The arrival of BT has upped the stakes significantly. They will take over from ESPN as the “secondary” live broadcaster, though crucially have won rights to almost half of the “first pick” Premier League matches.
BT will screen games on Saturday lunchtimes and midweek evenings, with key Boxing Day and New Year’s Day fixtures also to be shown. They have already recruited a host of big names to act as pundits, including Michael Owen, Steve McManaman, Rio Ferdinand and David James. Current players such as Gareth Bale, Alex Oxlade-Chamberlain and Marouane Fellaini have also signed up.
Their presence, of course, means live football will, as ever, be omnipotent in this country. There will be 154 live Premier League games shown in this country next season, earning the league more than £1bn in itself.
It will, though, lead for calls for more money to filter its way down the game.
At the moment, around 16% of what the Premier League earns works its way down, though only 4% finds its way beyond the Football League.
Some MPs, prompted by organisations such as the Football Foundation, have proposed that a minimum of 7.5% of the Premier League’s revenue should be diverted towards grass roots football.
The fear is that the benefits of the new TV deals will not be felt by those in most desperate need. Premier League wages topped £1.5bn in 2011/12, which was more than the £1.2bn earned through global television rights. The average revenue to wages ratio in the Premier League is 70%.
Calls for clubs to use their extra revenue to subsidise ticket prices appear to have fallen on deaf ears, whilst supporters continue to suffer through prohibitive kick-off times as the Premier League, unsurprisingly, seeks to satisfy its broadcast partners.
Tthere are also fears that both Sky and BT may be forced to increase their own subscription charges, in order to cover spiralling costs.
Football is big business. We know that. Judging by the latest figures, and the competitive nature of the TV rights market, it is likely to get bigger still in the next few years.
Why Premier League TV cash is an American dreamThe value of overseas television rights to the Premier League was confirmed when US broadcaster NBC agreed a three-year, $250m (£163.9m) deal to provide “total live coverage” of the league from next season.
NBC beat off competition from both ESPN and FOX for the contract, which dwarfs the previous deal, held with ESPN and worth around $80m (£52.5m).
They will broadcast every live game from the league as of next season, having enjoyed considerable success with its coverage of Major League Soccer in the last 12 months.
NBC’s English-language networks will televise six live games a week. One or two of the company’s other cable channels will be used along with NBC Sports Network, said Group chairman Mark Lazarus, whilst other games will be streamed live online.

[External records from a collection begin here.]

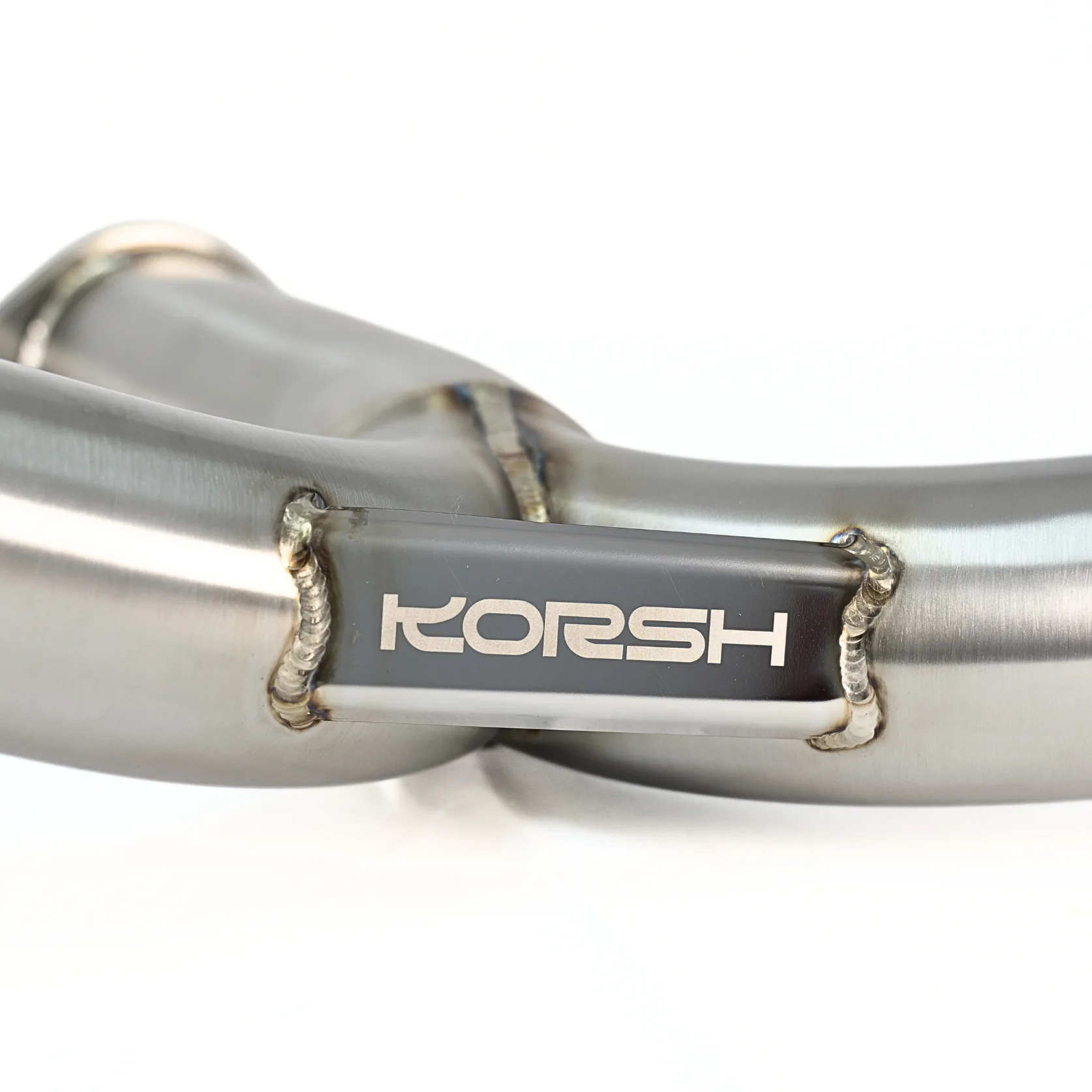 Korsh turbo-back system for the 2015–2021 Subaru WRX/STI. Stainless steel construction. Downpipe and catback in one system. Replaces the downpipe and catback as one system. We'll retune on the dyno once it's fitted.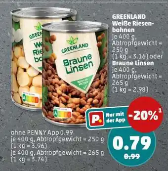 Jetzt im Angebot bei PENNY: GREENLAND Weiße Riesenbohnen oder Braune Linsen ✅ Aktion gültig vom 12-01 bis 17-01.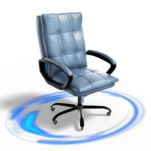 TRIUMPHKEY Sedia da scrivania in pelle blu, sedia da ufficio, sedia per computer sedia da scrivania executive sedia girevole altezza regolabile con rotelle braccioli 150 kg (Blu)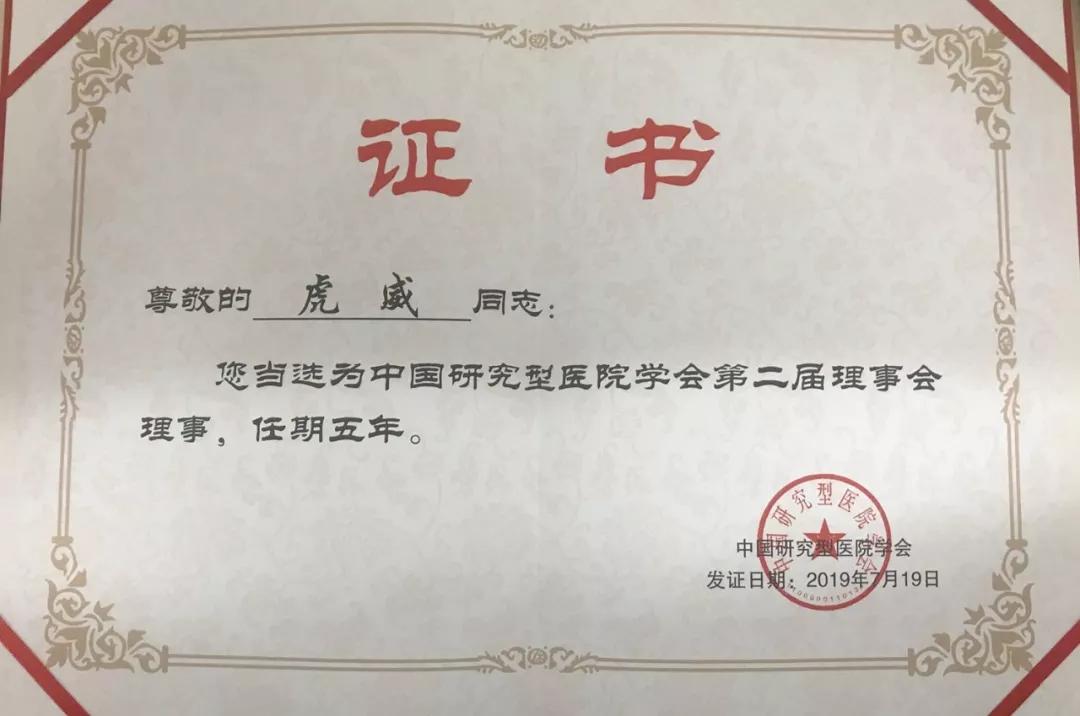 此次虎威院长当选为中国研究型医院学会理事会理事,是对我院在研究型医院建设工作方面的肯定,同时在提升我院品牌影响力,推动学科建设及人才培养方面具有积极的作用。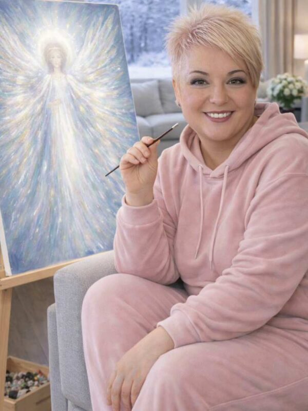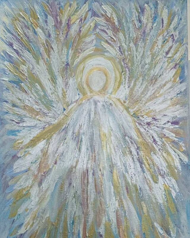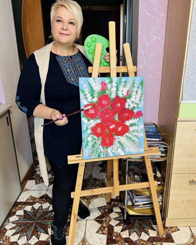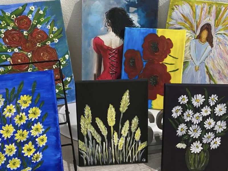 «Що малюю?– перепитує пані Світлана. – Квіти, янголів. Останнім часом узялася малювати ікони (обожнюю їх) у світському стилі. Ще з дитинства я відчула потяг до мистецтва. Перед широкомасштабним російським вторгненням взяла декілька уроків у художника і під час війни почала малювати абстрактні картини». (На фото ниже).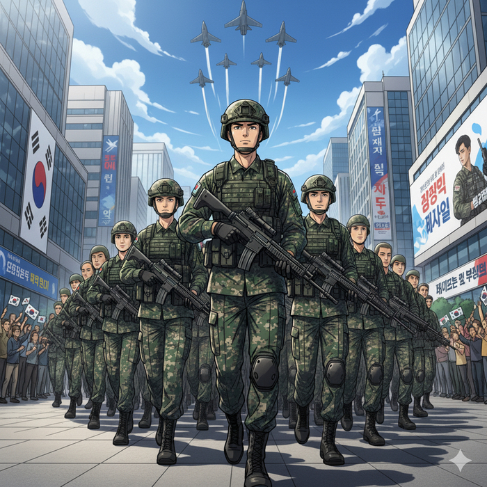 제미나이로 늠름한 대한민국 국군의 행진모습을 그려봤다. 태극기에 오류가 있다. “기상! 기상! 빨리빨리 안 일어나나!”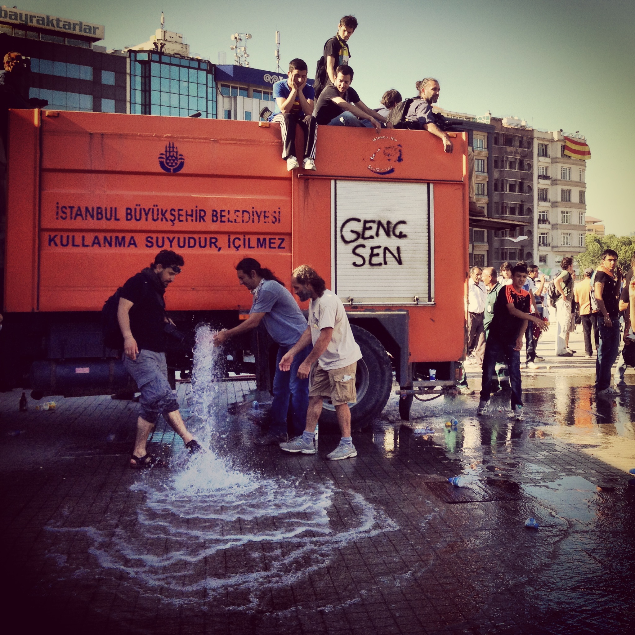 31 Mayıs’ta başlayan Gezi Parkı Direnişi, bugün de devam etti. Gitgide büyüyen kalabalık, polis meydandan çekilene kadar yılmadı. Şimdi de direnerek çıkmayı başardıkları meydanda bir bayram havasında kutlama yapıyorlar. Aşağıda, bizim Taksim’de çektiğimiz fotoğrafları görebilirsiniz.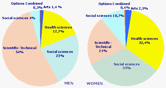 While half the male students chose the Scientific-Technical option, the female ones opted for Social and Health Sciences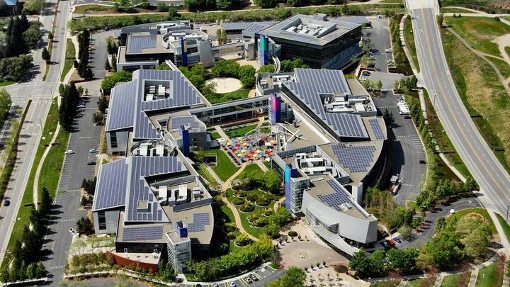 Trụ sở chính của Alphabet tại Mountain View, California, với hệ thống tấm pin năng lượng mặt trời trải rộng. (Nguồn: Getty Images)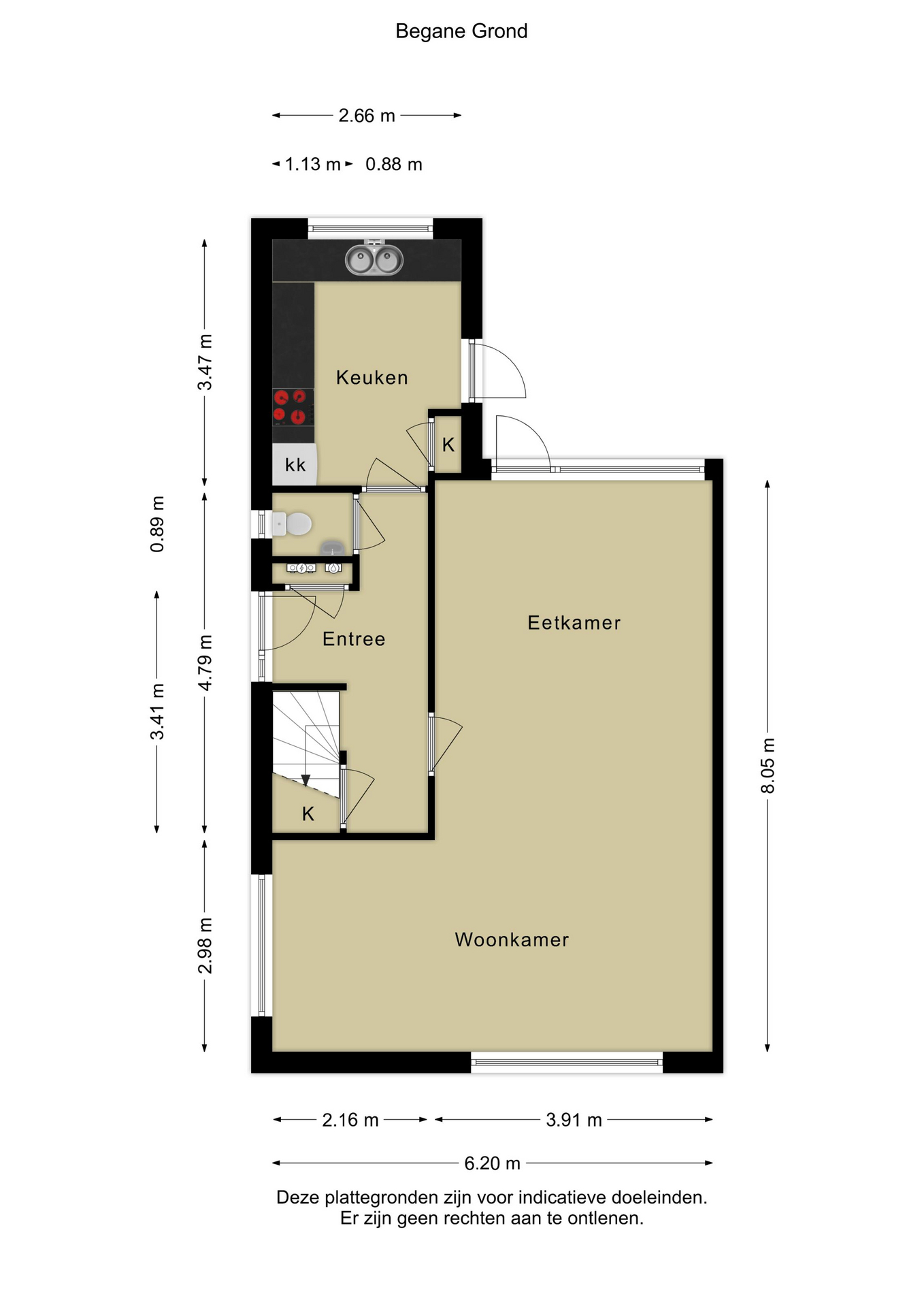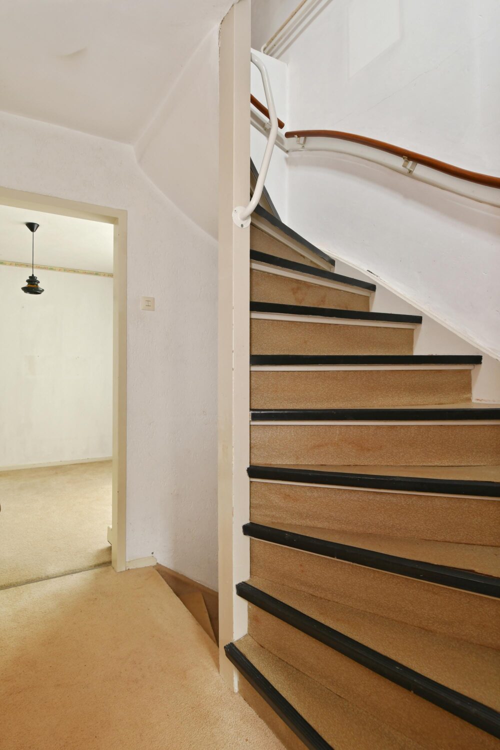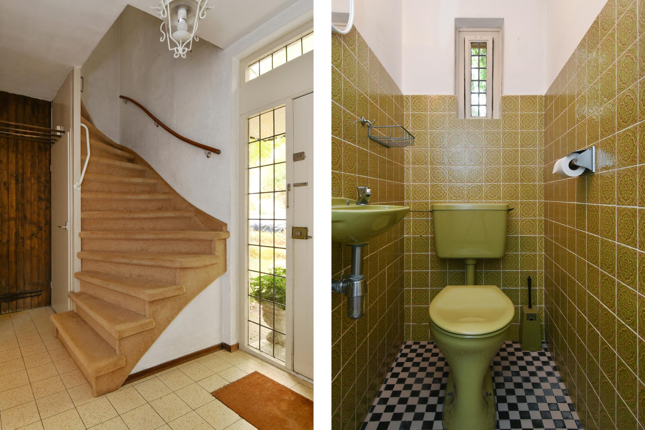 Entree/hal met de meterkast, het toilet, trapkast, trapopgang en toegang tot de keuken en woonkamer. Deels betegeld toilet met een staand closet en fonteintje.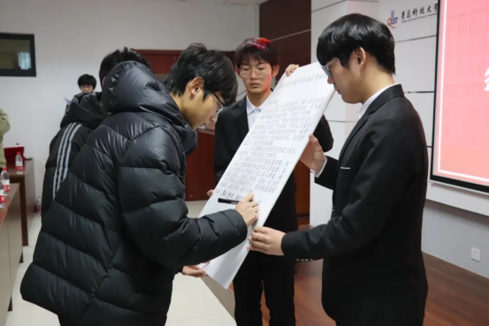 诚信如笔,应考似墨。立足学期末关键节点,结合学风建设月活动开展,学院进一步加强对学生的诚信教育,严肃考风考纪,各年级学生代表签署诚信考试承诺书,引导学生争做有德行、守契约、讲诚信的科大人。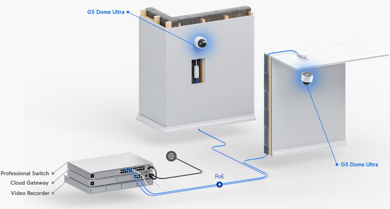 Това е автоматичен превод. Оригиналния текст може да видите тукUVC-G5-Dome-Ultra е камера от 5-то поколение от серията UniFi Video. Той разполага с 1/2,4" CMOS сензор с разделителна способност 4MP (2688 x 1512 px, 16:9) при 30 FPS . Фиксираният обектив предлага зрително поле от 102,4° хоризонтално , 54,9° вертикално и 120,6° диагонално. Камерата е оборудвана с (1) 10/100Mbps Ethernet порт, който осигурява захранване на камерата чрез PoE 802.3af или пасивно PoE с входно напрежение 37 - 57 V DC . За нощен режим камерата е оборудвана с IR осветител с обхват 20 m . Максималната консумация на енергия е само 4,2 W !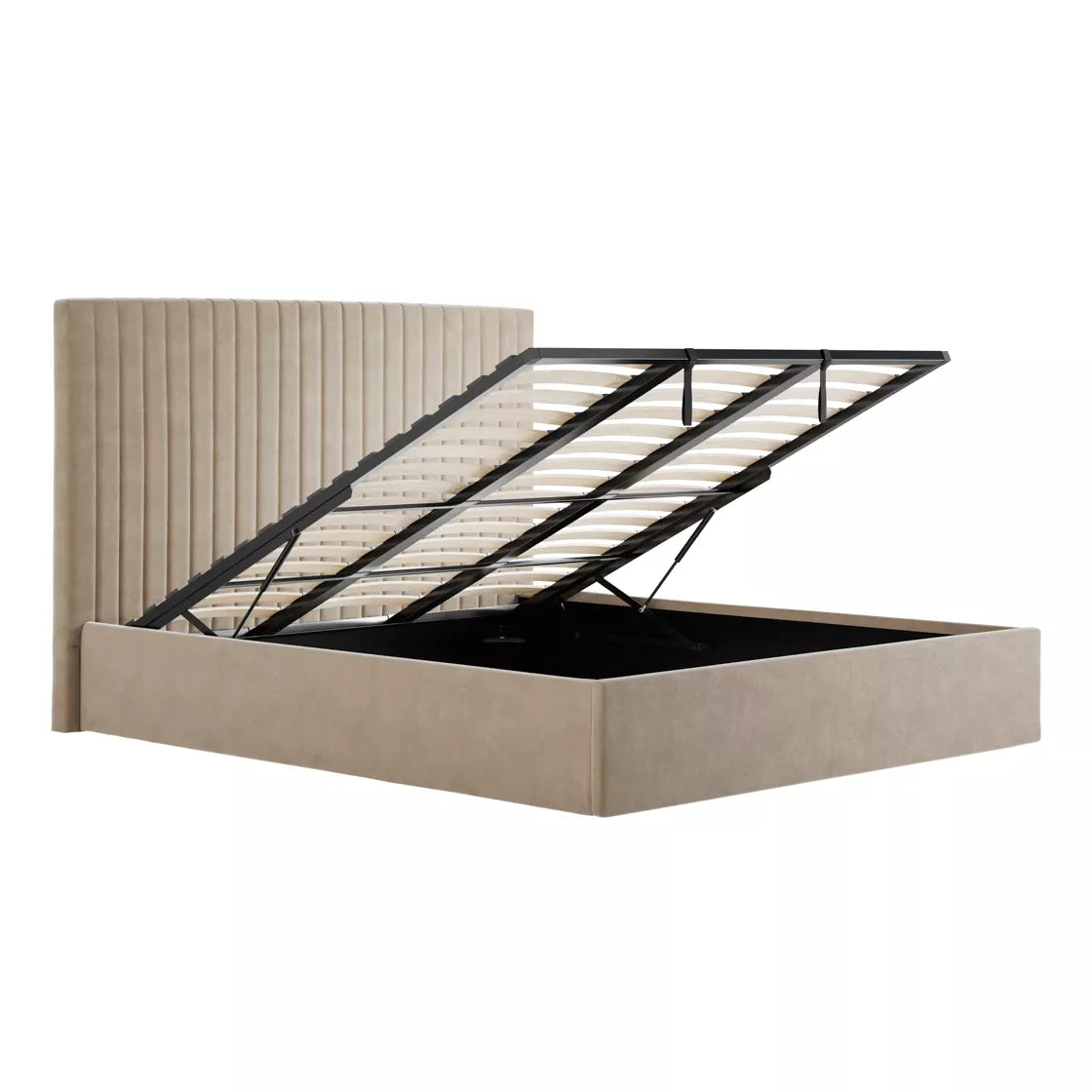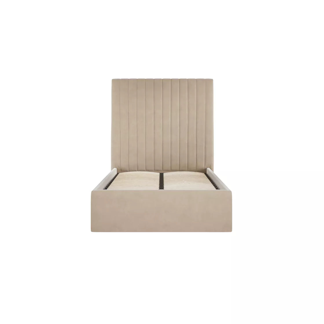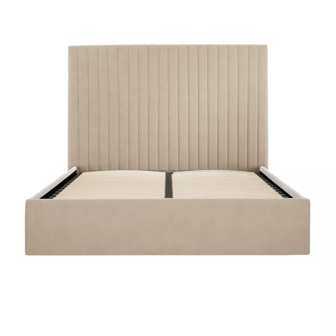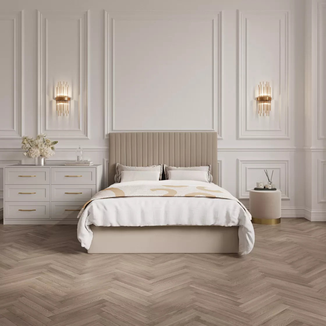 Upholstered in soft beige velvet, this bed offers under-bed storage and a headboard with elegant fluted vertical lines. Available in two headboard heights, its neutral colourway suits any interior.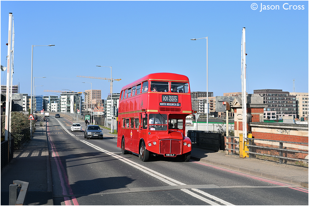 RMC1461 approaches the Bascule Bridge over the King George V Dock on its way to North Woolwich. Route 101 vintage bus running day (organised by the London Bus Museum). Date: 26 March 2022 Manipulation Notes: None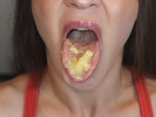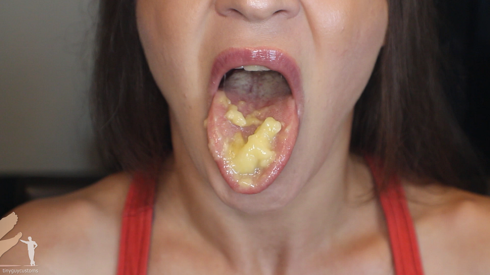 She chomps into the tasty treats and pulverizes them with her powerful teeth. She moves the chunks of smashed up bits to the back of her throat with her sexy tongue and swallows everything down with a gulp. She shows you her empty mouth after swallowing to show you that the morsels of food have travelled down into her hungry belly.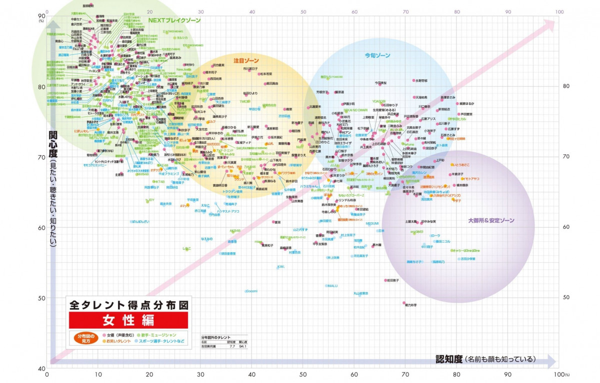 Voilà un article aussi tout intéressant qu'il est illisible: Nikkei Entertainement a sorti son classement annuel des célébrités homme est femmes.

Overseas and internet TV rights brought in around £1.4bn to the Premier League over the past three years, with that figure set to rise again during the next three.
At present, this income is distributed evenly between the 20 clubs – something Liverpool MD Ian Ayre, among others, has protested about in the past – while income from domestic rights is allocated according to a sliding scale, based on league position and the number of appearances on TV.